Location
- St Andrew's View Breadsall, Derby, Derbyshire, DE21 4ET England 52°56′26″N 1°26′41″W﻿ / ﻿52.9405°N 1.4446°W

Information
- Type: Academy
- Established: 1988
- Local authority: Derby
- Trust: LEAD Academy Trust
- Department for Education URN: 144066 Tables
- Ofsted: Reports
- Head Teacher: Jayne Scattergood
- Gender: Coeducational
- Age: 11 to 16
- Website: https://www.davinciacademy.co.uk/

= Da Vinci Academy =

Da Vinci Academy is a co-educational secondary school located in Derby, Derbyshire, England.

The school originally opened in 1988 as High View Community Education Centre. It also became known as High View School and Technology Centre and High View Technology Centre. The school was formally closed and replaced by da Vinci Community College in September 2004 and moved into new buildings in 2006.
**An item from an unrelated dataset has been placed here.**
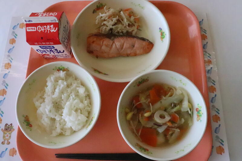 ごはん、鮭ぱっぱ、うま煮、海藻サラダ、牛乳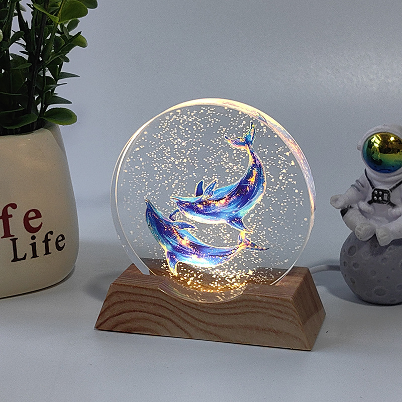 -               跨境3d激光内雕发光水晶球小夜灯四叶草海豚创意桌面摆件生日礼物

In January 2012, the school became a co-operative - "owned" by the school's pupils, parents, teachers, and the community. As a foundation school, da Vinci Community College was administered by Derby City Council, the University of Derby, Derby College, the Workers' Educational Association and the Midlands Co-operative Society. In May 2017 da Vinci Community School converted to academy status and was renamed Da Vinci Academy. The school is now sponsored by the LEAD Academy Trust.